Records from a data collection
┄┄┄┄┄┄┄┄┄┄┄┄┄┄┄┄┄┄┄┄
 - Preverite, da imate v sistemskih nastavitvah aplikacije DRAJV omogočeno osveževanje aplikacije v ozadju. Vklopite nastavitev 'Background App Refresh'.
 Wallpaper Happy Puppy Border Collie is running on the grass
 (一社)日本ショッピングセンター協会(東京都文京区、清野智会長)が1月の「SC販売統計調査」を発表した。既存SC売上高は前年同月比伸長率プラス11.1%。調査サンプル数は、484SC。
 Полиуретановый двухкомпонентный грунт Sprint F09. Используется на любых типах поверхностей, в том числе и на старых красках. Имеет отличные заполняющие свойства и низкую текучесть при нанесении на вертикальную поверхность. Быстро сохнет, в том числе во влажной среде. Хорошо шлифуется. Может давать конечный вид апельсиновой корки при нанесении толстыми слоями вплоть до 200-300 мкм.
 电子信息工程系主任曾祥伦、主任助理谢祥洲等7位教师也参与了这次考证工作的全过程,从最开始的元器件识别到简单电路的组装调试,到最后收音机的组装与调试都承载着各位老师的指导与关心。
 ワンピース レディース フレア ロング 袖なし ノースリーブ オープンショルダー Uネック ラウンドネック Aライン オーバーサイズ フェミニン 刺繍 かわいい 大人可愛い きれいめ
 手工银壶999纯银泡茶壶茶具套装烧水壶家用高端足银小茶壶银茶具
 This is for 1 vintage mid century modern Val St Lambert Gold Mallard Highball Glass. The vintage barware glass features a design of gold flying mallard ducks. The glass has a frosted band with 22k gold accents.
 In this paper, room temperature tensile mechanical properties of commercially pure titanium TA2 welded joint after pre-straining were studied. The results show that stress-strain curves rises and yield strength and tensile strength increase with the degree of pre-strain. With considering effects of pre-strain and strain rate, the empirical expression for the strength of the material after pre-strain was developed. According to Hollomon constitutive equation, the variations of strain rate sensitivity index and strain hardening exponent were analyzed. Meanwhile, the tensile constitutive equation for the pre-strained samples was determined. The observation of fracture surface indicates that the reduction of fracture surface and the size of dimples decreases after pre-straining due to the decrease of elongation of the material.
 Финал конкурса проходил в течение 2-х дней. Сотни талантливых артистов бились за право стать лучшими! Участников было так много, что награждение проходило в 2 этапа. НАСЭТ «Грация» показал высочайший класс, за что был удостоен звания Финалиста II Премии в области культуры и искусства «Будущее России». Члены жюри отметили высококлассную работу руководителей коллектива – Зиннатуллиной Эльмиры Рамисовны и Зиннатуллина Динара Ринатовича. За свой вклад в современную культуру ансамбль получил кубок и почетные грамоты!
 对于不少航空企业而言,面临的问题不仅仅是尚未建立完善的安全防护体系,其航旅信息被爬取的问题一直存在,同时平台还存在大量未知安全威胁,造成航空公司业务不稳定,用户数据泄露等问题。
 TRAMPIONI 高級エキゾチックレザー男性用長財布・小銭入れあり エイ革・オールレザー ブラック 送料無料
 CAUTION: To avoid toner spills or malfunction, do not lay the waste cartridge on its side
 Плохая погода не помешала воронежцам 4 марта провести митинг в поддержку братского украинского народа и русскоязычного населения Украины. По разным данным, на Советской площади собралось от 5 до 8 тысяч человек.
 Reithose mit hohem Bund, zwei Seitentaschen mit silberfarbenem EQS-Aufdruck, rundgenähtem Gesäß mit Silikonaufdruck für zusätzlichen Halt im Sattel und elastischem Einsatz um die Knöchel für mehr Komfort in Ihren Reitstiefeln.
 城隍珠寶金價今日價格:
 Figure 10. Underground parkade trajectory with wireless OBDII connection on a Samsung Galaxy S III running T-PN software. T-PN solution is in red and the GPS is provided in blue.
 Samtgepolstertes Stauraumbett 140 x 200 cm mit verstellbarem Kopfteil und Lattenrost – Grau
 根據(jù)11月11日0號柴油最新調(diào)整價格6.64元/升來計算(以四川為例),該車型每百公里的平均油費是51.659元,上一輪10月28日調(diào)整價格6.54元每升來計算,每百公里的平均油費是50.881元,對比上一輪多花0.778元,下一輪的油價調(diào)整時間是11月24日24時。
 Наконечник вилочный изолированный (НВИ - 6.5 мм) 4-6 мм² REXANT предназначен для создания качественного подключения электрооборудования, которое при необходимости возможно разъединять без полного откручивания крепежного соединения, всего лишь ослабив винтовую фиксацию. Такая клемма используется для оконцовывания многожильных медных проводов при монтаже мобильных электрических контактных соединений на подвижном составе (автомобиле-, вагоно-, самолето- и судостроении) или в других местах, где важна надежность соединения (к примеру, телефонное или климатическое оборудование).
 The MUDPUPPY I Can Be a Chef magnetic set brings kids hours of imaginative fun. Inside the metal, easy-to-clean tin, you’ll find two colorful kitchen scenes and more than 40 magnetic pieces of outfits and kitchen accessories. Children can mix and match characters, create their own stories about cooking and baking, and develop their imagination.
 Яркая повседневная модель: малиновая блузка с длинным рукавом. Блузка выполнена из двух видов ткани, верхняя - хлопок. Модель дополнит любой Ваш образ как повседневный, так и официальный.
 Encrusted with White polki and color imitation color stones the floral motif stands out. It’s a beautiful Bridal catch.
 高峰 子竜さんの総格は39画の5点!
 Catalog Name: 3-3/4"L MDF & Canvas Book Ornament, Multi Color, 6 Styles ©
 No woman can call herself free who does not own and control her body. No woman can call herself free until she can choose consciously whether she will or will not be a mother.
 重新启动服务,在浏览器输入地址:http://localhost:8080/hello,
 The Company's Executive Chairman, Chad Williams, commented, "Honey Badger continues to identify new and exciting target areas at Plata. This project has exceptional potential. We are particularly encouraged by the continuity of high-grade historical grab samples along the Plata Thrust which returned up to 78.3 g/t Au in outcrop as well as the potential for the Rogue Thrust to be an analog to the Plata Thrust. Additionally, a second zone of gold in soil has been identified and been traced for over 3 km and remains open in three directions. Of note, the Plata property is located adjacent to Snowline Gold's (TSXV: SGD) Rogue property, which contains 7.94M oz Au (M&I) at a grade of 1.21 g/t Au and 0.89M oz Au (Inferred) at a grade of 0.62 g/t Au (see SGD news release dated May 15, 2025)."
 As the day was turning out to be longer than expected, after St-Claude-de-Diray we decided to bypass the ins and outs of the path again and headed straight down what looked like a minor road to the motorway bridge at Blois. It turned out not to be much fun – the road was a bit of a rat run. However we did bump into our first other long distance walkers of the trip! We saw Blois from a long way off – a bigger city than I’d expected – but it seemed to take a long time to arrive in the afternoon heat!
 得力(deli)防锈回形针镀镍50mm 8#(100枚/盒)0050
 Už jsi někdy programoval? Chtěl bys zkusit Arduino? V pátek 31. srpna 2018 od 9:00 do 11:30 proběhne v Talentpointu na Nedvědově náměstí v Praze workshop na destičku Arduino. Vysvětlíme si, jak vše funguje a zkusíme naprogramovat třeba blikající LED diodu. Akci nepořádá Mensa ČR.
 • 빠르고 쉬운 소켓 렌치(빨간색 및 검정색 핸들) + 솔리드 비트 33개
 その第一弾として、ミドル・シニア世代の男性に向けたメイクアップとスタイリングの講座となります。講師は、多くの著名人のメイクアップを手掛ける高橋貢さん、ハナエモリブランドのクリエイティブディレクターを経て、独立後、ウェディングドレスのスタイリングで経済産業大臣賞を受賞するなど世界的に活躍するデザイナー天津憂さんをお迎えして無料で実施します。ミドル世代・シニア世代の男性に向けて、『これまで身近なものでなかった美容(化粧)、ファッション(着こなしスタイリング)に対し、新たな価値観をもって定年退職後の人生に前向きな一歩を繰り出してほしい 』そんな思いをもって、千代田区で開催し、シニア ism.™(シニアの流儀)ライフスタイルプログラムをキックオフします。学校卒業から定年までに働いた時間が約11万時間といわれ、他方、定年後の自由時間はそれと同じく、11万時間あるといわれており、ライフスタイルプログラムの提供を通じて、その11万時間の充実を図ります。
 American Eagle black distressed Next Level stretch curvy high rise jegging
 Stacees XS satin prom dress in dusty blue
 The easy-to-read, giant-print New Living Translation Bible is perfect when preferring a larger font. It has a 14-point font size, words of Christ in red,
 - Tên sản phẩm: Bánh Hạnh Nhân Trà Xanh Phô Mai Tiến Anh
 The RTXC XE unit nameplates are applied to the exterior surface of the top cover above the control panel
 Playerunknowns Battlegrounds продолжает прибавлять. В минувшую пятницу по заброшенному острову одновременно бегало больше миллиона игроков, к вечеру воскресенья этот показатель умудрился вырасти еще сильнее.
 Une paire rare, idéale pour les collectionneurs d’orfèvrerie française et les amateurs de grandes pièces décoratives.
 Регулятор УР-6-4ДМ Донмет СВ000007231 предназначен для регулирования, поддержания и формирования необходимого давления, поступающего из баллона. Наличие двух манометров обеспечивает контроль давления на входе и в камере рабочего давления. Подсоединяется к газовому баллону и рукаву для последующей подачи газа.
┄┄┄┄┄┄┄┄┄┄┄┄┄┄┄┄┄┄┄┄
→ **Work to complete**: Out of the data above, transcribe exactly and only the lines starting with the line that has "Už jsi někdy" and going on through the line that has "- Tên sản phẩm: Bánh", both included.

→ **Output for this task**:
 Už jsi někdy programoval? Chtěl bys zkusit Arduino? V pátek 31. srpna 2018 od 9:00 do 11:30 proběhne v Talentpointu na Nedvědově náměstí v Praze workshop na destičku Arduino. Vysvětlíme si, jak vše funguje a zkusíme naprogramovat třeba blikající LED diodu. Akci nepořádá Mensa ČR.
 • 빠르고 쉬운 소켓 렌치(빨간색 및 검정색 핸들) + 솔리드 비트 33개
 その第一弾として、ミドル・シニア世代の男性に向けたメイクアップとスタイリングの講座となります。講師は、多くの著名人のメイクアップを手掛ける高橋貢さん、ハナエモリブランドのクリエイティブディレクターを経て、独立後、ウェディングドレスのスタイリングで経済産業大臣賞を受賞するなど世界的に活躍するデザイナー天津憂さんをお迎えして無料で実施します。ミドル世代・シニア世代の男性に向けて、『これまで身近なものでなかった美容(化粧)、ファッション(着こなしスタイリング)に対し、新たな価値観をもって定年退職後の人生に前向きな一歩を繰り出してほしい 』そんな思いをもって、千代田区で開催し、シニア ism.™(シニアの流儀)ライフスタイルプログラムをキックオフします。学校卒業から定年までに働いた時間が約11万時間といわれ、他方、定年後の自由時間はそれと同じく、11万時間あるといわれており、ライフスタイルプログラムの提供を通じて、その11万時間の充実を図ります。
 American Eagle black distressed Next Level stretch curvy high rise jegging
 Stacees XS satin prom dress in dusty blue
 The easy-to-read, giant-print New Living Translation Bible is perfect when preferring a larger font. It has a 14-point font size, words of Christ in red,
 - Tên sản phẩm: Bánh Hạnh Nhân Trà Xanh Phô Mai Tiến Anh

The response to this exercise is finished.